Farmers braced for B48bn crop damage

Farmers braced for B48bn crop damage

Destructive drought blamed on El Niño

An Asian openbill prepares to land on a drought-stricken rice field in Ang Thong province. (Photo: Pattarapong Chatpattarasill)
An Asian openbill prepares to land on a drought-stricken rice field in Ang Thong province. (Photo: Pattarapong Chatpattarasill)

El Niño-induced drought is expected to cause 48 billion baht in damage to crop farming, especially rice, between this year and next, dealing a serious blow to Thai agriculture, says farm truck maker Siam Kubota Corporation (SKC).

Damage to paddies is estimated at 38 billion baht.

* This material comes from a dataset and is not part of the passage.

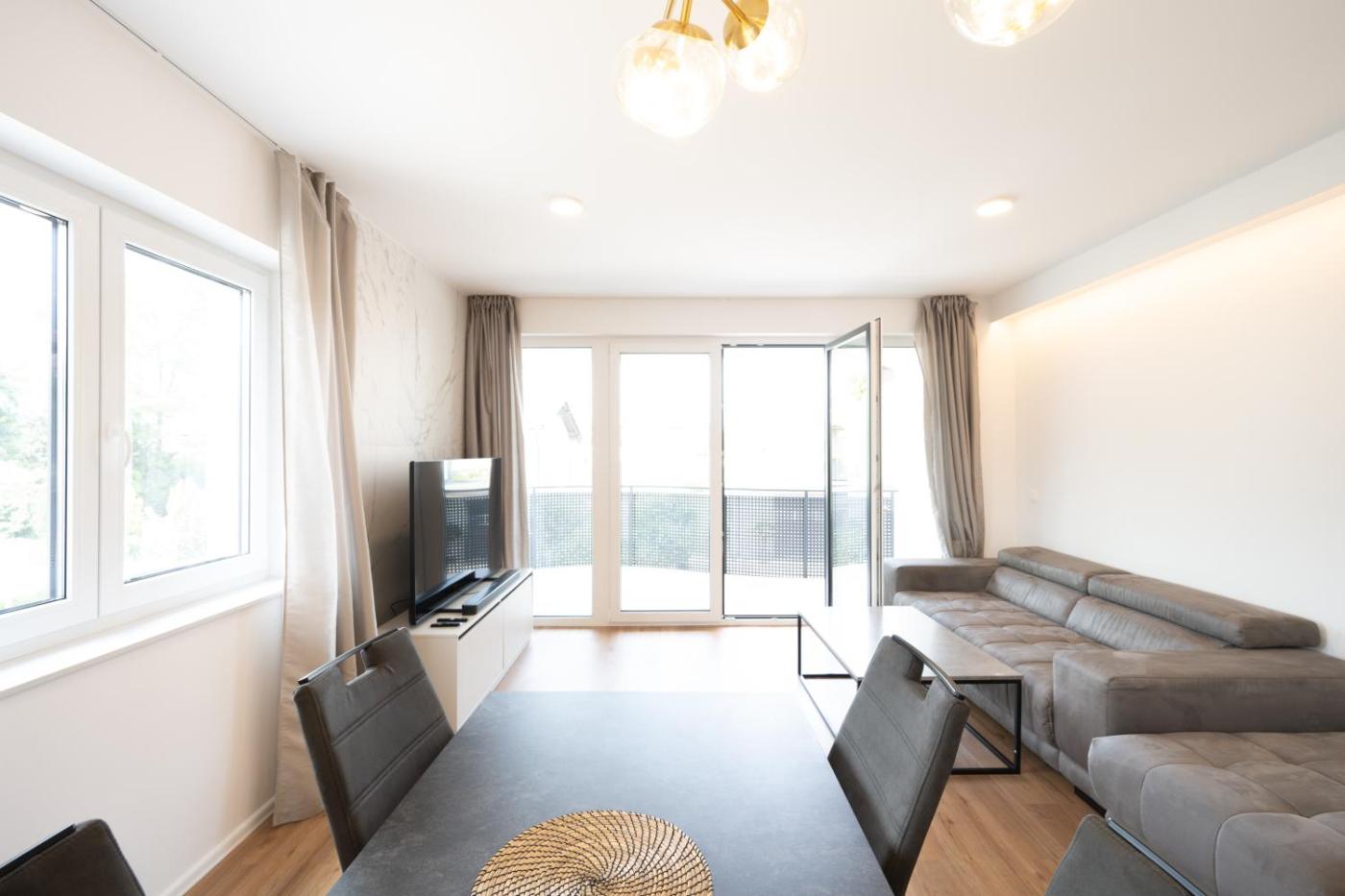 The apartment provides guests with a terrace, garden views, a seating area, a flat-screen TV, a fully equipped kitchen with a dishwasher and an oven, and a private bathroom with walk-in shower and a hair dryer. A fridge, a stovetop and kitchenware are also provided, as well as a coffee machine. At the apartment complex, every unit includes bed linen and towels.

The company remains optimistic that water scarcity will be short term, from October this year to March 2024, said Phisanu Milintanuch, vice-president and general manager of SKC.

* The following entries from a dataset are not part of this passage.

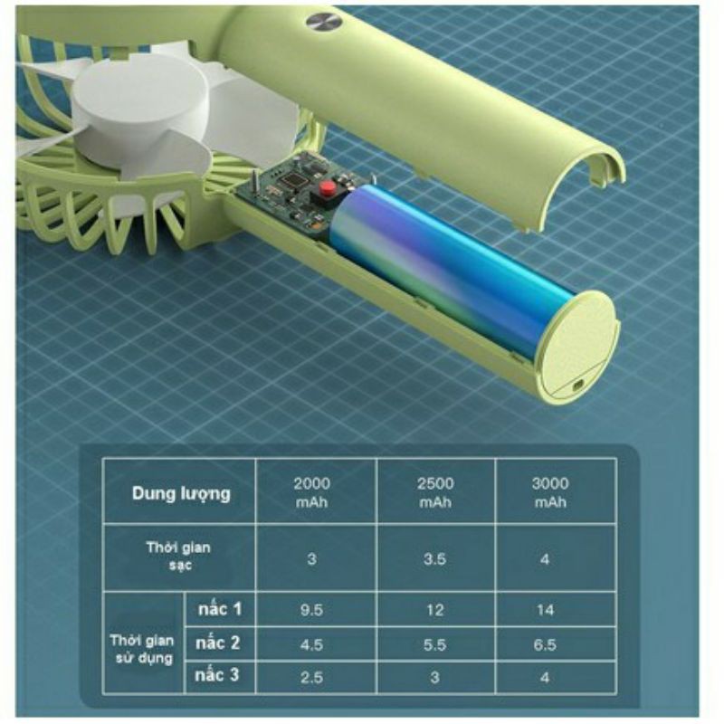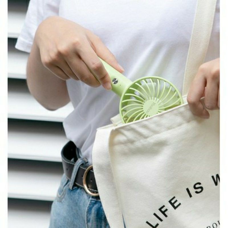Quạt có thể cầm tay hoặc đặt trên bàn khi sử dụng
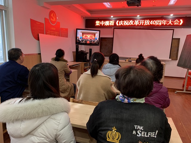 12月18日上午,民意街组织机关全体党员干部以及辖区七个社区集中观看《庆祝改革开放40周年大会》,学习领会习近平总书记重要讲话精神。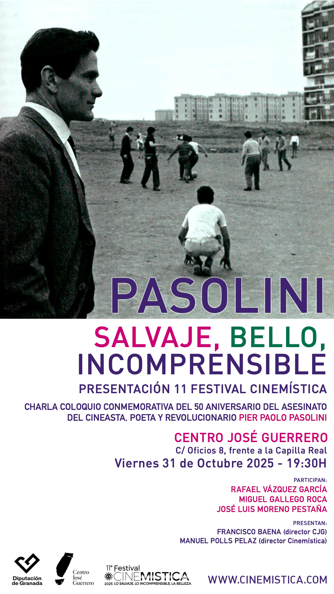 Os esperamos ESTE VIERNES 31 OCTUBRE 19.30H EN EL CENTRO JOSÉ GUERRERO, José Luis Moreno Pestaña, Rafael Vázquez García y Miguel Gallego Roca establecerán un coloquio encendido y abierto a los asistentes, sobre el legado de Pasolini «hoy»! También se presentará el cartel de Cinemistica de este año y el programa.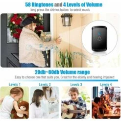 - 【58 schöne Melodien und einstellbare Lautstärke】 Die kabellose Türklingel bietet eine große Auswahl an 58 Glockenspielen für Ihren persönlichen Geschmack! 4 Lautstärkepegel von 20 dB bis 80 dB, um Ihren Anforderungen für verschiedene Anlässe gerecht zu werden. Blinkt mit akustischen Warnanzeigen, die für Hörgeschädigte leicht erkennbar sind. </ Li>

"The agricultural sector is going to face a new challenge after flooding is expected to end later this month," he said.

The Agriculture and Cooperatives Ministry earlier warned that Thailand would be hit by El Niño near the end of this year and advised farmers to grow drought-resistant crops.

SKC expects economic crop farming to decrease by 1.6% this year. But the 2023 outlook of the whole agricultural sector remains good, with its growth expected to increase by 1.5-2.5%, thanks to the government's measures to help farmers and ensure their supplies correspond with market demand, said the company.

The country's agricultural machinery market is expected to reach 50 billion baht in value this year, but it is likely to fall next year because of a mix of factors, ranging from El Niño to high household debt and interest rates, all of which will affect people's purchasing power.

SKC plans to increase its sales by letting farmers buy farm equipment more easily, extending the instalment period to eight years, up from 4-5 years normally, said Mr Phisanu.

The company sells tractors, rice harvesters, excavators and drones.

"Drone sales grew by up to 92% this year, compared with excavator sales with 15-16% growth," he said. "Farmers use drones because they reduce working time and can solve labour shortages."

SKC expects its revenue in 2023 to be less than the target of 67 billion baht. Last year, the firm earned 63 billion baht.

"Our total sales have decreased both in Thailand and Asean, especially Laos, Cambodia and Myanmar, because of economic slowdown," said Mr Phisanu.

The firm expects its sales to improve in the last quarter because it is the harvesting season when farmers will receive revenue.

Up to 60% of SKC products are sold domestically, with the remaining 40% exported overseas, including to South America, Central America and Africa. Around half of the exports are sold in Asean.